Industries avoiding machinery imports due to high taxes: PBIF

LAHORE: Pakistan Businessman and Intellectual Forums (PBIF) President, Mian Zahid Hussain on Friday stated investors are avoiding imports of machinery due to high taxation regime.

He called for removal of taxes on import of machinery to encourage industrial development in Pakistan, which would enhance economic growth. Also, Mr. Hussain urged the government to resolve the issue of installation and usage of latest equipment and machinery by eliminating taxes and duties on imports of industrial machinery.

He stressed industrial development in countries happened due to zero rated tax regime, where machinery was exempt from all kind of taxes and duties. PBIF while speaking to businessman shared over 35 countries had imposed taxes on machinery imports, which led to the destruction of their industrial sector.

Furthermore, Mr. Hussain said Pakistan under SRO-769 had removed taxes on import of industrial machinery in 1980-85 and 2000-2005 which had contributed to industrial development and growth in Pakistan.
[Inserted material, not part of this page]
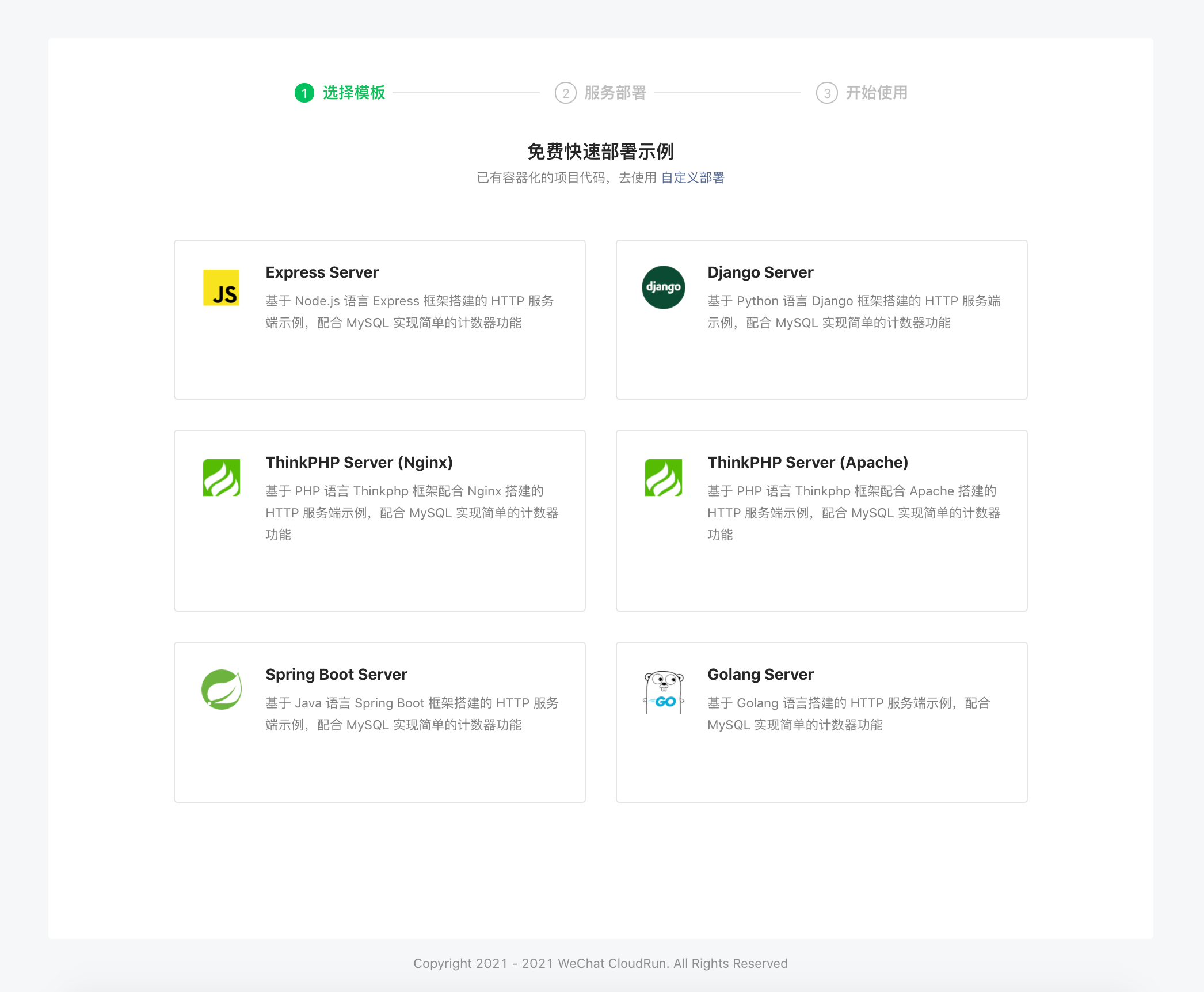 微信云托管已支持无门槛快速部署服务,在云托管控制台,可以选择预设的开源框架快速创建一个微信云托管服务,并通过各种调用方式发起对服务的请求,大幅降低上手门槛。

The implementation of SRO-809 according to PBIF president benefitted large players in the industrial sector which gained strength at expense of normal industries and commercial importers who are now in trouble.

Mr. Hussain said if government had removed taxes on import of industrial machinery, all industrial units would have converted to modern machines and equipment which would increase production and result in increased revenue and exports.

PBIF President added latest used machinery could be procured at cheap prices from various countries, but high tax rates enforced on weight of machinery instead of its price on $1.65 per kg basis, was disheartening industries not to import latest machinery, which was causing revenue losses and fall in exports.